Chief of US Naval Operations Admiral John Richardson gave his thoughts to a major US policy think tank on Wednesday, focusing on how the US should approach encounters with Chinese and Russian naval forces on the high seas.
Richardson referred to these kinds of showdowns, like one that happened between a Chinese and American destroyer in the South China Sea last year when the two warships came within a couple dozen yards of each other, as "gray-zone" conflicts.
"[T]he Chinese navy is growing; there's going to be more opportunities where we meet," Richardson said, "and so these rules are going to be operative more and more. We should approach each other all the way down to the tactical level, our front-line commanders, in ways that actually make it easy for us to adhere to these rules of behavior."
"[F]irst of all, we do have an operational construct that is designed to minimize the chance of miscalculation when two of our ships meet on the high seas," said Richardson, who is the highest-ranking officer of the Navy. That rulebook is called the Code of Unplanned Encounters at Sea, but the admiral said more structure was needed for these "gray-zones."
"So let's not be obstructing one another, driving our ships in front of one another, throwing obstacles in front of the ship. Let's just be biased towards making it easy," Richardson said, according to USNI. "[T]hese rules have to apply to all of the forces — so it can't just be the People's Liberation Army Navy to which they apply, but it's also got to be the [China] Coast Guard, and it's also got to be the Maritime Militia, and everybody's got to abide by these. Being more insistent about those would be a good first start."
China's Maritime Militia has played a key role in its expansion and marking of claims on South China Sea islands in recent decades, and the irregular forces have frequently been on the front lines of quarrels with other nations' fishing vessels in the region, Foreign Affairs noted. However, Beijing claims those ships and crews aren't controlled by the People's Liberation Army-Navy, which makes regulating their conduct difficult, the South China Morning Post reported.
Richardson said the Automatic Identification System (AIS) could serve as the basis for such an arrangement.
AIS is "a shipboard broadcast system that acts like a transponder… that is capable of handling well over 4,500 reports per minute and updates as often as every two seconds. It uses Self-Organizing Time Division Multiple Access (SOTDMA) technology to meet this high broadcast rate and ensure reliable ship-to-ship operation," according to a US Coast Guard information sheet.
"[J]ust putting in some of these enforcement mechanisms makes it harder to play fast and loose with the rules," the admiral said. "But you've got to make a move to enforce those things. I think a lot of that structure exists, it's just we've got to be a little more muscular in enforcing it."
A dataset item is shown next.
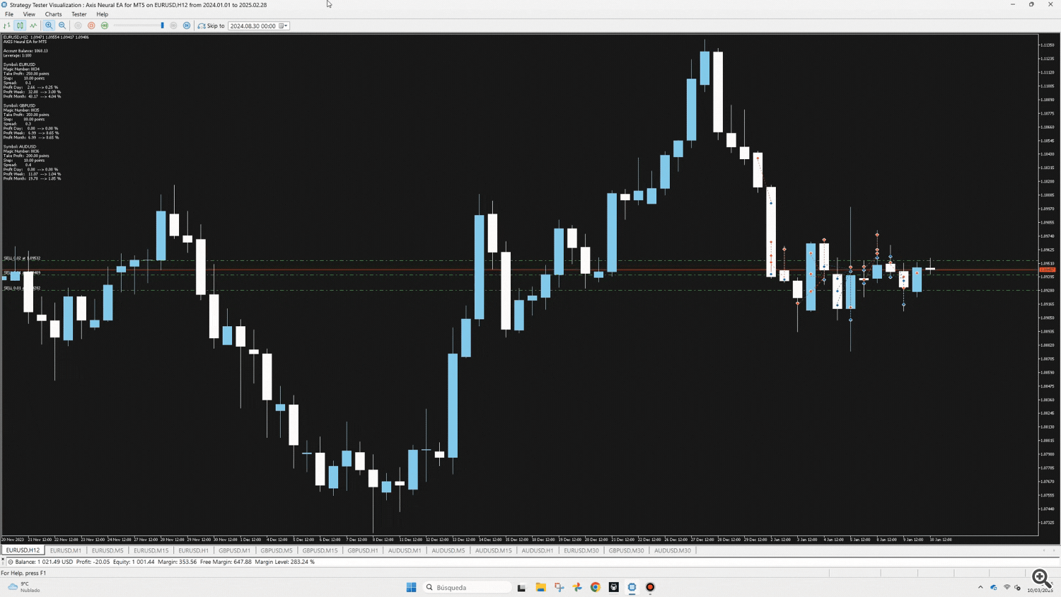 Axis Neural EA for MT5 is an Expert Advisor designed for the MetaTrader 5 platform, ready to trade multiple currency pairs simultaneously. In its default settings, it operates with: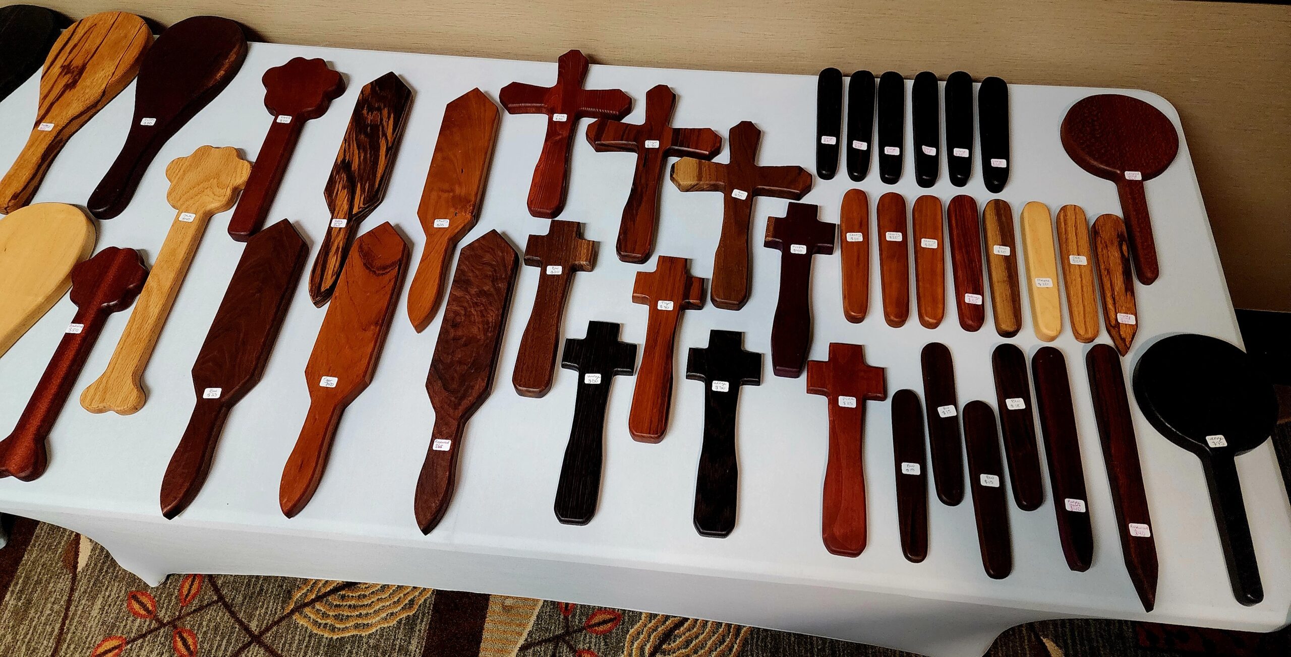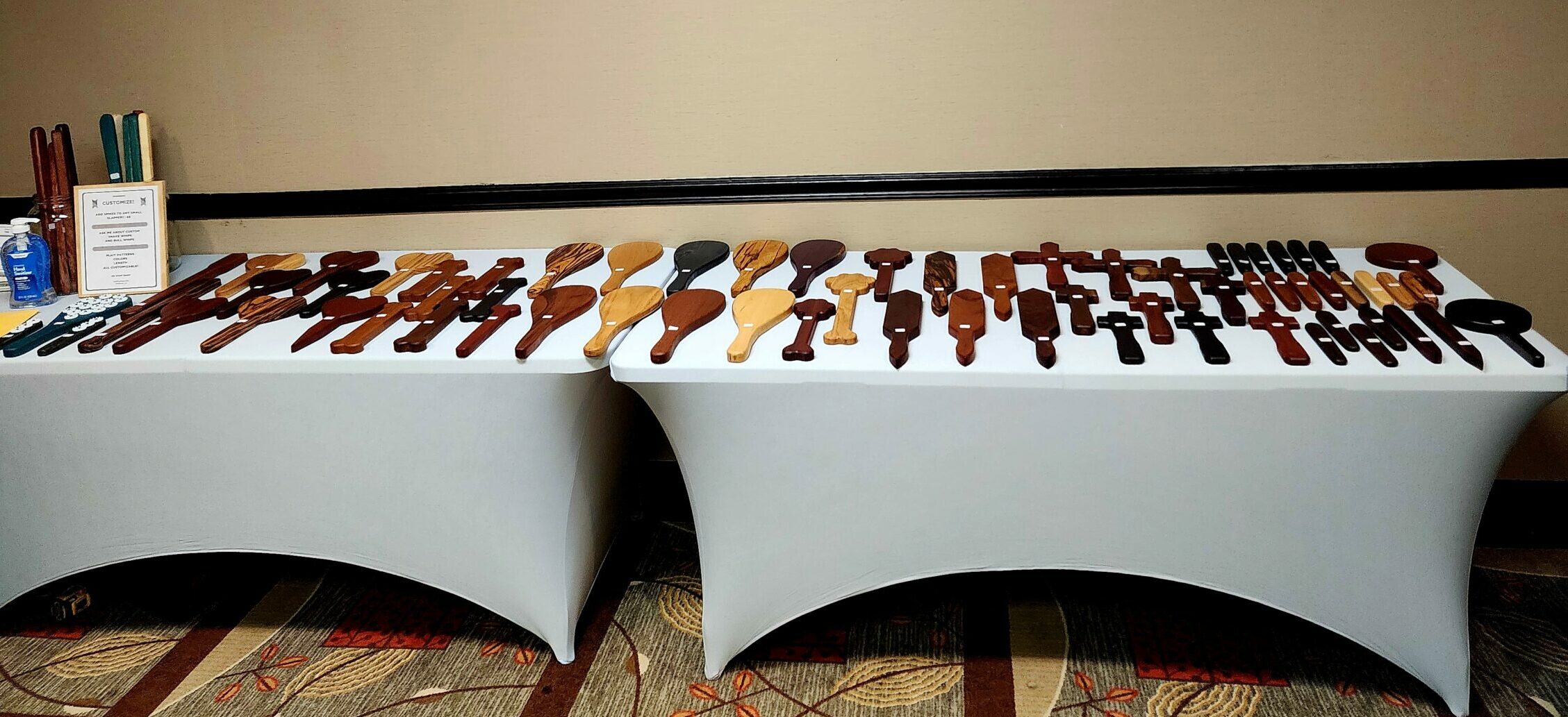 Canes were the next logical step. With my personal affinity for delivering a sharp, stinging impact, I found designing and crafting canes with custom wooden handles to be especially rewarding. As inspiration strikes, I continue to develop new designs—each one tested (thoroughly!) to ensure quality and performance.

Finding a way to regulate encounters between the two navies is a pressing need because of the frequency with which they come into contact in the waterway. As the US doesn't recognize Chinese claims to most of the islands in the South China Sea, it regularly violates what China considers to be its domestic waters by conducting what it calls "Freedom of Navigation Operations." The PLAN challenges US ships or those of its allies, such as the UK and Japan, as they conduct these operations, and the episodes can be quite intense.
Both the US and China, as well as their allies, have staged major military exercises in the sea in recent years, including such shows of force as flying nuclear-capable bombers through the waterway and staging live-fire drills.
The waterway is no small prize, either. Aside from the estimated $3 trillion in trade that passes through it annually, there's estimated to be 11 billion barrels of untapped oil and 190 trillion cubic feet of natural gas underneath its sea floor, National Interest noted. Six nations have laid claim to some parts of the sea, including China, Taiwan, Philippines, Brunei, Malaysia and Vietnam.